We can store per-spreadsheet metadata in a blob inside the per-spreadsheet directory. The metadata can include an EventLog id in whatever database is being used to store the event logs. Once the user has navigated to the spreadsheet they want to open, the client creates EventLog and BlobStore instances using the metadata, then creates and wires up an EventSourcedSpreadsheetData instance. Each EventSourcedSpreadsheetData represents a single spreadsheet.

Triggering Snapshots

I’m starting with the simple strategy of creating a snapshot after some number of log entries have been written. I added an options argument to the EventSourcedSpreadsheetData constructor as I can feel more configuration coming on.

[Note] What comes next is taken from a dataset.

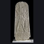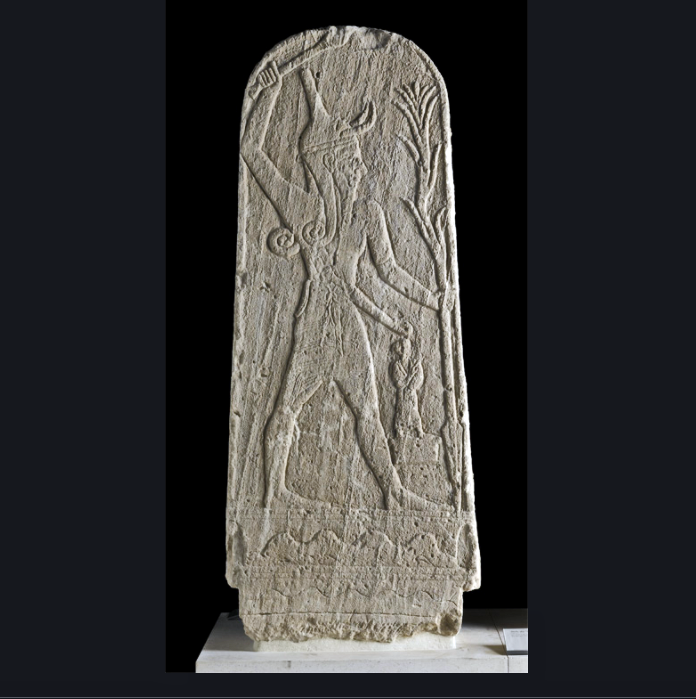 אסטלת האל בעל, אל הסערה, מחזיק באלה מונפת בידו האחת ומחזיק בידו השניה חנית. הדמת הקטנה מתחת לידו הינה כנראה של מלך אוגרית.אבן (Stone) גיר. האקרופוליס של אוגרית (ראס אל שמרה, סוריה, לחוף הים התיכון). המאות ה-15-13 לפנה”ס. תקופת הברונזה (Bronze) המאוחרת

export interface EventSourcedSpreadsheetDataOptions {
  /** Minimum number of log entries before creation of next snapshot 
   * @defaultValue 100
  */
  snapshotInterval?: number | undefined;
}

I added a new addEntry helper method which checks whether a snapshot is required, before forwarding the call on to the event log.

private addEntry(entry: SpreadsheetLogEntry): ResultAsync<void,AddEntryError> {
  if (this.workerHost) {
    const index = this.content.logSegment.entries.length % this.snapshotInterval;
    if (this.snapshotInterval === index + 1)
      entry.pending = 'snapshot';
  }

  return this.eventLog.addEntry(entry, this.content.endSequenceId);
}

I hacked together a quick unit test, with a small snapshotInterval, that changes enough spreadsheet values to trigger a snapshot.

Now I need some way of loading them.

Loading Snapshots

I factored out the code in syncLogsAsync that updates in-memory content to create the updateContent helper function. It takes the current spreadsheet content and returns a new updated content object. I added code that handles the case where the returned entries start with a snapshot. This is what you’d expect to see when you first load data into the engine.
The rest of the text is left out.